You can replace a failed YB-Master server in a YugabyteDB cluster.

Examples included in this document use the following scenario:

- The cluster includes three yb-master servers: `M1`, `M2`, `M3`.
- YB-Master server `M1` failed and needs to be replaced.
- A new YB-Master server (`M4`) will replace `M1`.
- The default master RPC port is `7100`

If the YB-Master to be replaced is already dead (for example, the VM was terminated), you would need to perform the `REMOVE` step first, and then the `ADD` step.

1. Start the replacement YB-Master server in standby mode by setting the `--master_addresses` flag to an empty string (`""`), as follows:

   ```sh
   ./bin/yb-master --master_addresses="" --fs_data_dirs=<your_data_directories> [any other flags you would typically pass to this master process]
   ```

   When the `--master_addresses` is `""`, this YB-Master server starts without joining any existing master quorum. The node will be added to the master quorum in a later step.

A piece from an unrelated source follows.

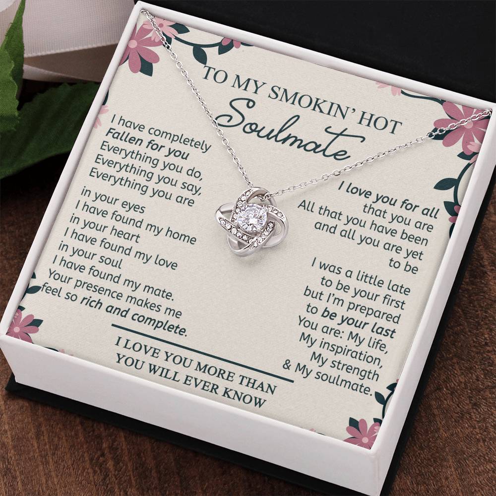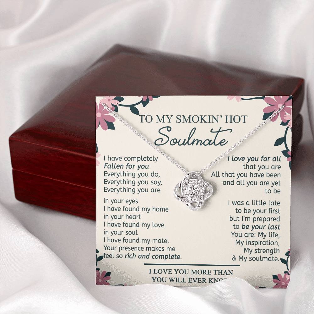 To My Smokin' Hot Soulmate Necklace, Gift Love Knot Pendant Soulmate From Husband Gift Necklace For Wife Birthday From Husband Romantic Gift Nekclace For My Wife Ever Jewelry Gift For Women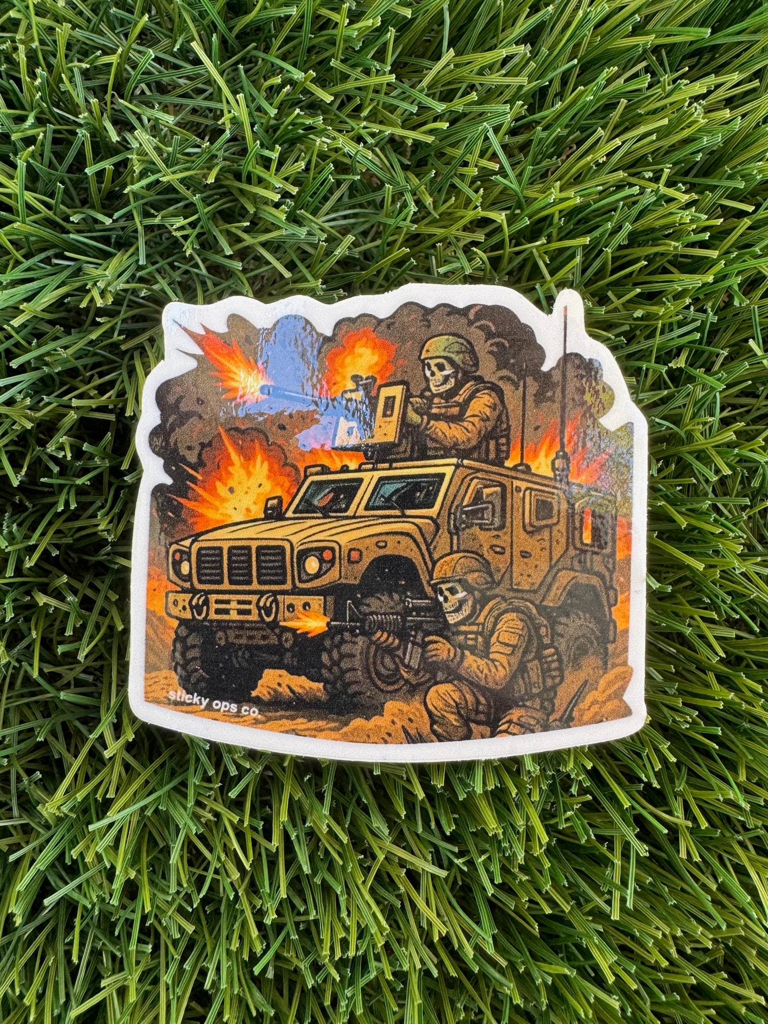 Lock and load — the MRAP Mayhem sticker brings the chaos of combat to life with a gritty skeleton crew rolling deep in their armored ride. Explosions light up the background while the gunner and dismount lay down fire, capturing the intensity of life downrange. This one’s for anyone who’s ever lived behind the armor or knows the sound of rounds cracking overhead.

2. Add the replacement YB-Master server into the existing cluster by running the [`yb-admin change_master_config ADD_SERVER`](../../../admin/yb-admin/#change-master-config) command, as follows:

   ```sh
   ./bin/yb-admin --master_addresses M1:7100,M2:7100,M3:7100 change_master_config ADD_SERVER M4 7100
   ```

3. Remove the failed YB-Master server from the cluster by using the [`yb-admin change_master_config REMOVE_SERVER`](../../../admin/yb-admin/#change-master-config) command, as follows:

   ```sh
   ./yb-admin --master_addresses M1:7100,M2:7100,M3:7100,M4:7100 change_master_config REMOVE_SERVER M1 7100
   ```

   Make sure to specify all YB-Master addresses, including M4, to make sure that if M4 becomes the leader, then yb-admin can find it.

4. Validate cluster by checking that your set of masters is now `M2`, `M3` and `M4`, as follows:

   ```bash
   ./yb-admin --master_addresses M2:7100,M3:7100,M4:7100 list_all_masters
   ```

Until [#1542](https://github.com/yugabyte/yugabyte-db/issues/1542) is implemented, the YB-TServer by default can only be aware of the YB-Master servers that are encoded in the `--tserver_master_addrs` flag with which they are started. If any of those YB-Master servers are still part of the active quorum, then they can propagate the new master quorum via heartbeats. If none of the current YB-Master servers are present in the YB-TServer flag, then the YB-TServer cannot join the cluster. Therefore, it is important to update `--tserver_master_addrs` on every YB-TServer to the new set of master addresses as `M2:7100,M3:7100,M4:7100`.